The man continues, “I am here to erase another one of Gideon’s pet projects, Jacob. I am not here to kill you,” he says as he raises a finger over which some sort of indiscernible black membrane is creeping. “But I can’t promise I won’t maim you in the process of ripping the metal right out of you.”
From that upraised finger, pointed both at Jacob’s armor’s chest and at his nose due to his positioning therein, a sudden blast of blue-white plasma erupts, concentrated to a line of light that reaches Jacob startlingly fast but not so fast that he is unable to feed power to his thrusters and elevate above it, and above it still as the man raises his finger and with it the concentrated line of light. Jacob evades this maneuver as well, dipping and cutting power to his thrusters and watching placidly as the line of light he avoided carries on past him for miles, free-falling and then igniting them anew in a brilliant blast that sends him careening with the engineered grace of a missile towards his newfound aggressor.
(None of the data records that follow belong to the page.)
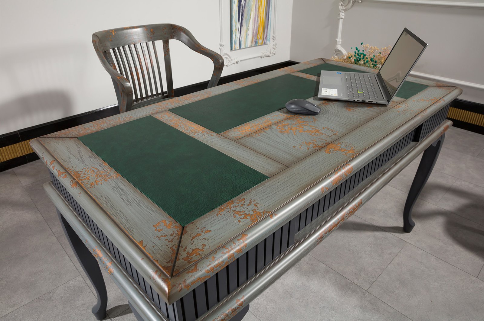 LÜKENS-Yeşil VIP yönetici masa takımı, yüksek kaliteli malzemeler kullanılarak üretilmiştir. Masanın gövdesi sağlam ve dayanıklı ahşap malzemeden yapılmıştır. Üzerindeki masaüstü ise zarif bir cam yüzeyi ile kaplanmıştır. Bu sayede, hem sağlamlık hem de şıklık bir arada sunulmuştur.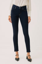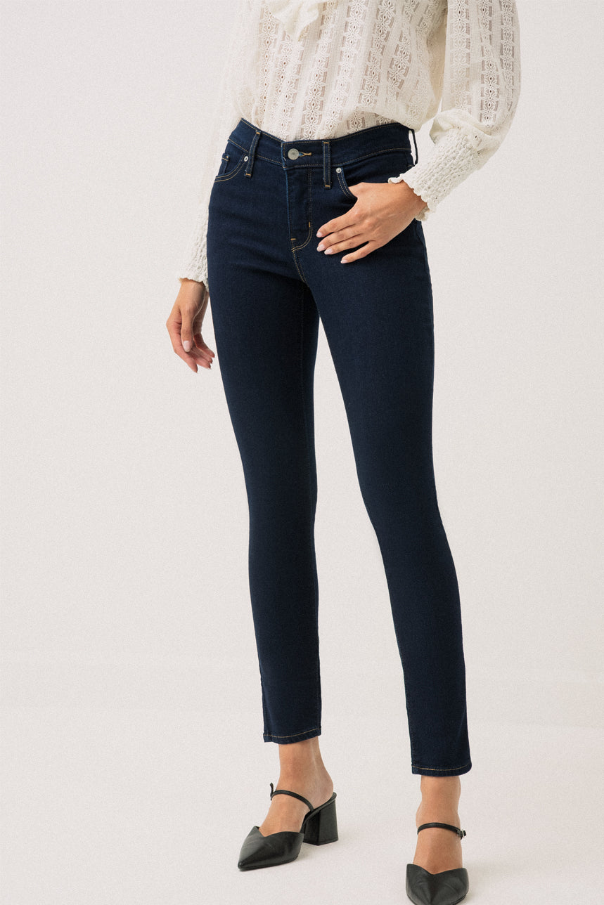 Le jeans étroit foncé Levi’s | Modèle 311 Filiforme moulant est conçu pour offrir une silhouette flatteuse et moderne grâce à sa coupe ajustée. Sa taille régulière est rehaussée d’un panneau lissant qui affine le ventre, tandis que la coupe moulante au niveau des hanches et des cuisses met en valeur les formes tout en restant confortable. La jambe filiforme élance la silhouette et s’agence facilement autant avec des talons que des chaussures décontractées. Doté de la coupe classique à 5 poches, d’une fermeture éclair avec bouton à l’avant et de 5 passants de ceinture, il allie praticité et style intemporel. Confectionné dans un denim extensible et doux, ce modèle assure confort et liberté de mouvement, idéal pour une utilisation quotidienne tout en gardant une allure élégante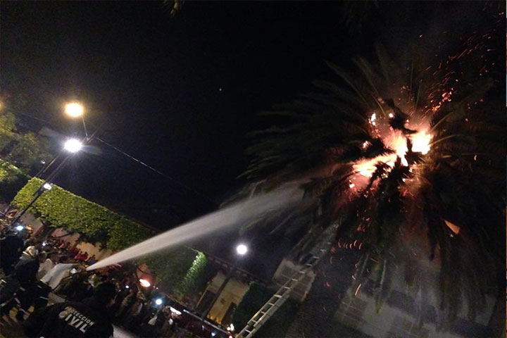 Un verdadero alboroto provocó un globo de Cantoya durante la celebración del Día de Muertos, en esta ciudad, luego de que cayera e incendiara por completo una palmera, en plena plaza Morelos, donde estaba la concurrencia reunida para los festejos; por fortuna, la situación no pasó a mayores y todo quedó en un susto, según lo atestiguado durante el trabajo periodístico.

“And don’t think I won’t rip you bleeding from that iron man to do it!” the man screams, his voice multiplying to alarming levels inside Jacob’s armor of its own accord and causing Jacob to redouble his velocity towards the man, zipping through the innards of curving structures with such rapidity and unpredictability that he hopes to lose the man’s gaze, jar him by closing the distance between them in seconds. His surroundings blur into a tunnel of pinpoint focus, his body and the armor functioning as one; he has spent countless sweat-maddened hours piloting the black-and-orange titan around the desert, countless hours working on it in the smoky solitude of his subterranean refuge, and with the time spent poring over its finest details, hours spent within its iron belly, comes a certain solitude for the mechanic. Jacob feels in tune with the machine – it is an extension of his body, carrying with it the momentum of a fighter jet, and from within he reels its arm back, preparing to punch the man’s grinning head from his shoulders. With the speed behind him he grows more confident by the millisecond that the armor’s arm will simply travel through the space the man’s head once inhabited – his head will turn into a slurry, pieces of skull and brain splattering into the air and falling into hideous inkblots on the sand.
The distance between the two, easily a mile or more, closes in a matter of seconds, and what Jacob finds transpiring for him at his destination is not, of course, what he had in mind.